Exercise objective
An exact reproduction of the listing is wanted, with the pictures dropped.

Supplied information
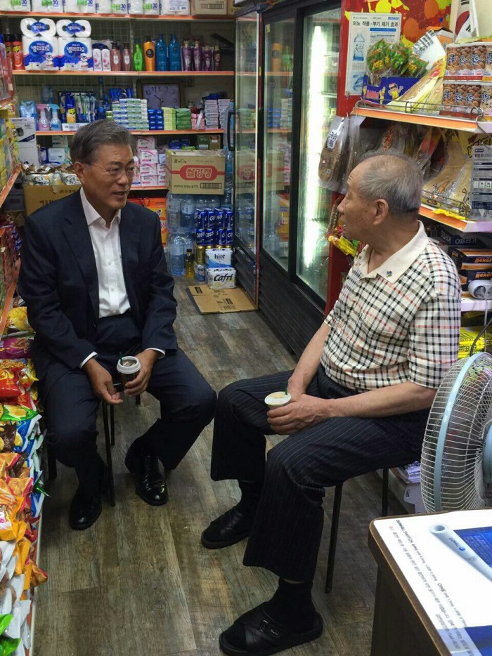 문 전대표는 "한창 더위에 잘 지내시는지, 여름 내의를 사 들고 가게를 찾았다"며 "작년 이맘때 뵙고 1년 만에 방문했다"고 설명했다.
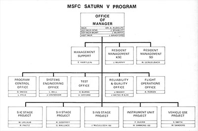 Are you wanting information regarding the planning of the Apollo moon landing project or the Saturn V development program?NASA's Moonport: A History of Apollo Launch Facilities and Operations (SP-4204) has some good detail regarding the Apollo Program, while Stages to Saturn (SP-4206) has some good information regarding the Saturn V program, including Chapter 9: Coordination: Men and Machines.  |
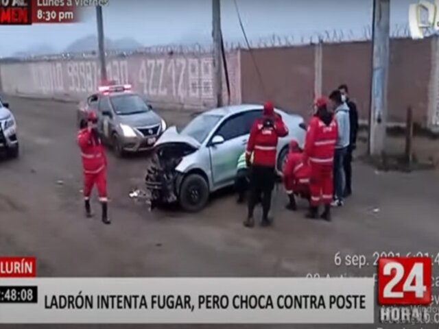 El hecho ocurrió en Lurín, un ladrón intentó fugarse a bordo de un auto, en el intento termino despistándose y estrellando contra un poste de alumbrado público en la antigua Panamericana Sur.
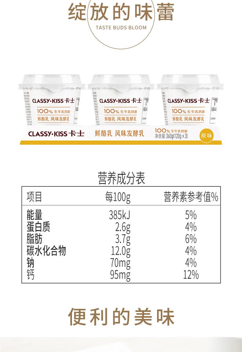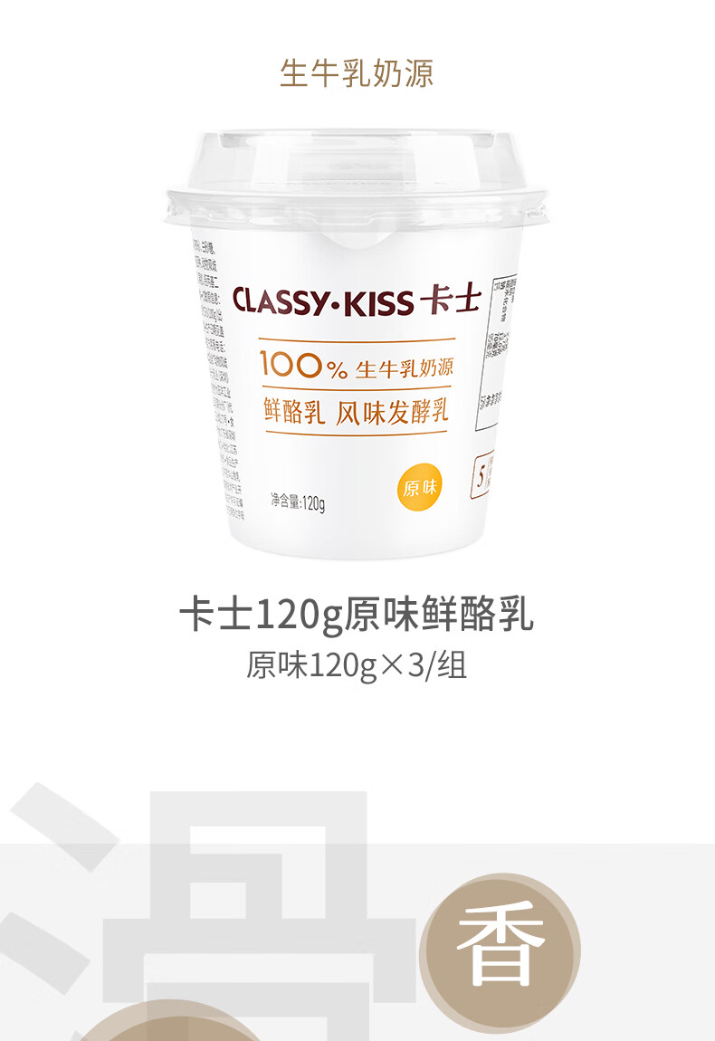 卡士/CLASSY-KISS 鲜酪乳 原味 风味发酵乳 120g*3杯/组

Solution to this task
 문 전대표는 "한창 더위에 잘 지내시는지, 여름 내의를 사 들고 가게를 찾았다"며 "작년 이맘때 뵙고 1년 만에 방문했다"고 설명했다.
 Are you wanting information regarding the planning of the Apollo moon landing project or the Saturn V development program?NASA's Moonport: A History of Apollo Launch Facilities and Operations (SP-4204) has some good detail regarding the Apollo Program, while Stages to Saturn (SP-4206) has some good information regarding the Saturn V program, including Chapter 9: Coordination: Men and Machines.  |
 El hecho ocurrió en Lurín, un ladrón intentó fugarse a bordo de un auto, en el intento termino despistándose y estrellando contra un poste de alumbrado público en la antigua Panamericana Sur.
 卡士/CLASSY-KISS 鲜酪乳 原味 风味发酵乳 120g*3杯/组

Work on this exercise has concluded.